1/4” is thicker than anything I’ve tried . I don’t know the gauge, but I router checker plate aluminum with no issues. Well other than prematurely wearing the bit out . 

If I had to router 1/4” , I’d cut it with a jig saw first as close to the line as I could get , and clamp a guide and use a router to finish . 
It would be messy, but I’ve heard of guys having someone spray wd40 as they’re cutting


----------



## PhilBa (Sep 25, 2014)

Aluminum is a bit tricky. The first thing to know is what alloy. Some cut quite well while other are terrible. 2000 and 6000 series can be easily milled, 3000 and 5000 series not so much and will need a fair amount of clean up. I've mostly done 6000 (6061), with good results. Cutting 3000 series even with a super shallow DOC was an exercise in frustration - a very poor quality cut. The router seemed to push the metal around more than cut it. I was trying to mill a 40 mil sheet for bending into a complex shape.

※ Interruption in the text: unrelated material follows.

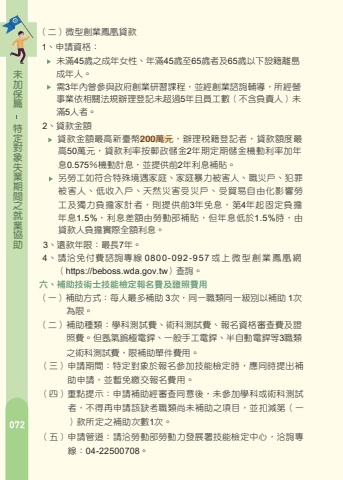 %u7bc7%u4fdd%u52a0%u672a%u52a9%u5354%u696d%u5c31%u4e4b%u9593%u671f%u696d%u5931%u8c61%u5c0d%u5b9a%u7279 2%u3001%u8cb8%u6b3e%u91d1%u984d %u8cb8%u6b3e%u91d1%u984d%u6700%u9ad8%u65b0%u81fa%u5e63200%u842c%u5143%uff0c%u8fa6%u7406%u7a05%u7c4d%u767b%u8a18%u8005%uff0c%u8cb8%u6b3e%u984d%u5ea6%u6700%u9ad850%u842c%u5143%uff0c%u8cb8%u6b3e%u5229%u7387%u6309%u90f5%u653f%u5132%u91d12%u5e74%u671f%u5b9a%u671f%u5132%u91d1%u6a5f%u52d5%u5229%u7387%u52a0%u5e74%u606f0.575%uff05%u6a5f%u52d5%u8a08%u606f%uff0c%u4e26%u63d0%u4f9b%u524d2%u5e74%u5229%u606f%u88dc%u8cbc%u3002 %u53e6%u52de%u5de5%u5982%u7b26%u5408%u7279%u6b8a%u5883%u9047%u5bb6%u5ead%u3001%u5bb6%u5ead%u66b4%u529b%u88ab%u5bb3%u4eba%u3001%u8077%u707d%u6236%u3001%u72af%u7f6a%u88ab%u5bb3%u4eba%u3001%u4f4e%u6536%u5165%u6236%u3001%u5929%u7136%u707d%u5bb3%u53d7%u707d%u6236%u3001%u53d7%u8cbf%u6613%u81ea%u7531%u5316%u5f71%u97ff%u52de%u5de5%u53ca%u7368%u529b%u8ca0%u64d4%u5bb6%u8a08%u8005%uff0c%u5247%u63d0%u4f9b%u524d3%u5e74%u514d%u606f%uff0c%u7b2c4%u5e74%u8d77%u56fa%u5b9a%u8ca0%u64d4%u5e74%u606f1.5%%uff0c%u5229%u606f%u5dee%u984d%u7531%u52de%u52d5%u90e8%u88dc%u8cbc%uff0c%u4f46%u5e74%u606f%u4f4e%u65bc1.5%%u6642%uff0c%u7531%u8cb8%u6b3e%u4eba%u8ca0%u64d4%u5be6%u969b%u5168%u984d%u5229%u606f%u30023%u3001%u9084%u6b3e%u5e74%u9650%uff1a%u6700%u95777%u5e74%u30024%uff08https://beboss.wda.gov.tw%uff09%u67e5%u8a62%u3002%u516d%u3001%u88dc%u52a9%u6280%u8853%u58eb%u6280%u80fd%u6aa2%u5b9a%u5831%u540d%u8cbb%u53ca%u8b49%u7167%u8cbb%u7528%uff08%u4e00%uff09%u88dc%u52a9%u65b9%u5f0f%uff1a%u6bcf%u4eba%u6700%u591a%u88dc%u52a9 3%u6b21%uff0c%u540c%u4e00%u8077%u985e%u540c%u4e00%u7d1a%u5225%u4ee5%u88dc%u52a9 1%u6b21%u70ba%u9650%u3002%uff08%u4e8c%uff09%u88dc%u52a9%u7a2e%u985e%uff1a%u5b78%u79d1%u6e2c%u8a66%u8cbb%u3001%u8853%u79d1%u6e2c%u8a66%u8cbb%u3001%u5831%u540d%u8cc7%u683c%u5be9%u67e5%u8cbb%u53ca%u8b49%u7167%u8cbb%u3002%u4f46%u6c2c%u6c23%u93a2%u6975%u96fb%u92b2%u3001%u4e00%u822c%u624b%u5de5%u96fb%u92b2%u3001%u534a%u81ea%u52d5%u96fb%u92b2%u7b493%u8077%u985e%u4e4b%u8853%u79d1%u6e2c%u8a66%u8cbb%uff0c%u9650%u88dc%u52a9%u55ae%u4ef6%u8cbb%u7528%u3002%u3001%u8acb%u6d3d%u514d%u4ed8%u8cbb%u8aee%u8a62%u5c08%u7dda 0800-092-957 %u6216%u4e0a%u5fae%u578b%u5275%u696d%u9cf3%u51f0%u7db2%uff08%u4e09%uff09%u7533%u8acb%u671f%u9593%uff1a%u7279%u5b9a%u5c0d%u8c61%u65bc%u5831%u540d%u53c3%u52a0%u6280%u80fd%u6aa2%u5b9a%u6642%uff0c%u61c9%u540c%u6642%u63d0%u51fa%u88dc%u52a9%u7533%u8acb%uff0c%u4e26%u66ab%u514d%u7e73%u4ea4%u5831%u540d%u8cbb%u7528%u3002%uff08%u56db%uff09%u91cd%u9ede%u63d0%u793a%uff1a%u7533%u8acb%u88dc%u52a9%u7d93%u5be9%u67e5%u540c%u610f%u5f8c%uff0c%u672a%u53c3%u52a0%u5b78%u79d1%u6216%u8853%u79d1%u6e2c%u8a66%u8005%uff0c%u4e0d%u5f97%u518d%u7533%u8acb%u8a72%u7f3a%u8003%u8077%u985e%u5c1a%u672a%u88dc%u52a9%u4e4b%u9805%u76ee%uff0c%u4e26%u6263%u6e1b%u7b2c%uff08%u4e00%uff09%u6b3e%u6240%u5b9a%u4e4b%u88dc%u52a9%u6b21%u65781%u6b21%u3002%uff08%u4e94%uff09%u7533%u8acb%u7ba1%u9053%uff1a%u8acb%u6d3d%u52de%u52d5%u90e8%u52de%u52d5%u529b%u767c%u5c55%u7f72%u6280%u80fd%u6aa2%u5b9a%u4e2d%u5fc3%uff0c%u6d3d%u8a62%u5c08%u7dda%uff1a04-22500708%u3002 %u672a%u6eff45%u6b72%u4e4b%u6210%u5e74%u5973%u6027%u3001%u5e74%u6eff45%u6b72%u81f365%u6b72%u8005%u53ca65%u6b72%u4ee5%u4e0b%u8a2d%u7c4d%u96e2%u5cf6%u6210%u5e74%u4eba%u3002%u97003%u5e74%u5167%u66fe%u53c3%u8207%u653f%u5e9c%u5275%u696d%u7814%u7fd2%u8ab2%u7a0b%uff0c%u4e26%u7d93%u5275%u696d%u8aee%u8a62%u8f14%u5c0e%uff0c%u6240%u7d93%u71df%u4e8b%u696d%u4f9d%u76f8%u95dc%u6cd5%u898f%u8fa6%u7406%u767b%u8a18%u672a%u8d85%u904e5%u5e74%u4e14%u54e1%u5de5%u6578%uff08%u4e0d%u542b%u8ca0%u8cac%u4eba%uff09%u672a%u6eff5%u4eba%u8005%u30021%u3001%u7533%u8acb%u8cc7%u683c%uff1a%uff08%u4e8c%uff09%u5fae%u578b%u5275%u696d%u9cf3%u51f0%u8cb8%u6b3e%u7bc7%u4fdd%u52a0%u672a%u52a9%u5354%u696d%u5c31%u4e4b%u9593%u671f%u696d%u5931%u8c61%u5c0d%u5b9a%u7279%u96c7%u4e3b%u7bc7%u4e00%u3001%u8077%u5834%u5b78%u7fd2%u53ca%u518d%u9069%u61c9%u8a08%u756b%uff08%u4e09%uff09%u88dc%u52a9%u671f%u9593%uff1a%u6700%u957712%u500b%u6708%u70ba%u9650%u3002%uff08%u56db%uff09%u7533%u8acb%u7ba1%u9053%uff1a%u8acb%u6d3d%u5404%u516c%u7acb%u5c31%u696d%u670d%u52d9%u6a5f%u69cb%u8fa6%u7406%u3002%uff08%u4e8c%uff09%u88dc%u52a9%u91d1%u984d%uff1a%u4f9d%u5de5%u4f5c%u6027%u8cea%u53ca%u5404%u8077%u52d9%u5de5%u4f5c%u9700%u6c42%uff0c%u6309%u4e2d%u592e%u4e3b%u7ba1%u6a5f%u95dc%u516c%u544a%u4e4b%u6bcf%u5c0f%u6642%u6700%u4f4e%u5de5%u8cc7%u6838%u7d66%uff0c%u4e14%u4e0d%u8d85%u904e%u6bcf%u6708%u6700%u4f4e%u5de5%u8cc7%u3002(115%u5e74%u5ea6%u6700%u4f4e%u5de5%u8cc7%u70ba%u6708%u85aa29,500%u5143%uff0c%u6642%u85aa196%u5143%u3002%uff09%u4e03%u3001%u591a%u5143%u5c31%u696d%u958b%u767c%u65b9%u6848%uff08%u4e00%uff09%u88dc%u52a9%u689d%u4ef6%uff1a%u7d93%u516c%u7acb%u5c31%u696d%u670d%u52d9%u6a5f%u69cb%u5c31%u696d%u8aee%u8a62%u5b89%u6392%u5f8c%uff0c%u88ab%u63a8%u4ecb%u53c3%u8207%u591a%u5143%u5c31%u696d%u958b%u767c%u65b9%u6848%u8a08%u756b%u7684%u975e%u81ea%u9858%u6027%u5931%u696d%u8005%u3001%u5f31%u52e2%u65cf%u7fa4%u53ca%u5176%u4ed6%u7d93%u672c%u90e8%u6307%u5b9a%u4e4b%u5c0d%u8c61%u70ba%u9650%u3002%u4e8c%u3001%u50f1%u7528%u734e%u52a9%u63aa%u65bd%uff08%u56db%uff09%u7533%u8acb%u7ba1%u9053%uff1a%u8acb%u6d3d%u5404%u516c%u7acb%u5c31%u696d%u670d%u52d9%u6a5f%u69cb%u8fa6%u7406%u3002%uff08%u4e00%uff09%u88dc%u52a9%u689d%u4ef6%uff1a%u3000%u3000%u3000%u96c7%u4e3b%u4ee5%u4e0d%u5b9a%u671f%u5951%u7d04%u6216%u4e00%u5e74%u4ee5%u4e0a%u4e4b%u5b9a%u671f%u5951%u7d04%uff0c%u50f1%u7528%u7531%u516c%u7acb%u5c31%u696d%u670d%u3000%u3000%u3000%u52d9%u6a5f%u69cb%u767c%u7d66%u50f1%u7528%u734e%u52a9%u63a8%u4ecb%u5361%u4e4b%u66f4%u751f%u53d7%u4fdd%u8b77%u4eba%uff0c%u9023%u7e8c%u6eff30%u65e5%u4e14%u7b26%u3000%u3000%u3000%u5408%u76f8%u95dc%u898f%u5b9a%uff0c%u767c%u7d66%u50f1%u7528%u734e%u52a9%u3002%uff08%u4e00%uff09%u88dc%u52a9%u689d%u4ef6%uff1a%u4f9d%u64da%u6240%u9032%u7528%u8077%u5834%u5b78%u7fd2%u53ca%u518d%u9069%u61c9%u4eba%u6578%uff0c%u88dc%u52a9%u884c%u653f%u7ba1%u7406%u53ca%u8f14%u5c0e%u8cbb%u3002%uff08%u4e8c%uff09%u88dc%u52a9%u91d1%u984d%uff1a%u4ee5%u5be6%u969b%u6838%u767c%u8077%u5834%u5b78%u7fd2%u53ca%u518d%u906

Given that you are trying to shave a tiny bit off it might go ok but I would be tempted to try grinding. Mark your edge and grind to that. If you do use the router, slow it down to the slowest speed you have. Definitely use a lubricant - wd40 is fine but even mineral oil is usable in a pinch.


----------



## difalkner (Jan 3, 2012)

Welcome to the forum, Chris! Add your first name to your profile to clear the N/a in the side panel. Add your location, as well.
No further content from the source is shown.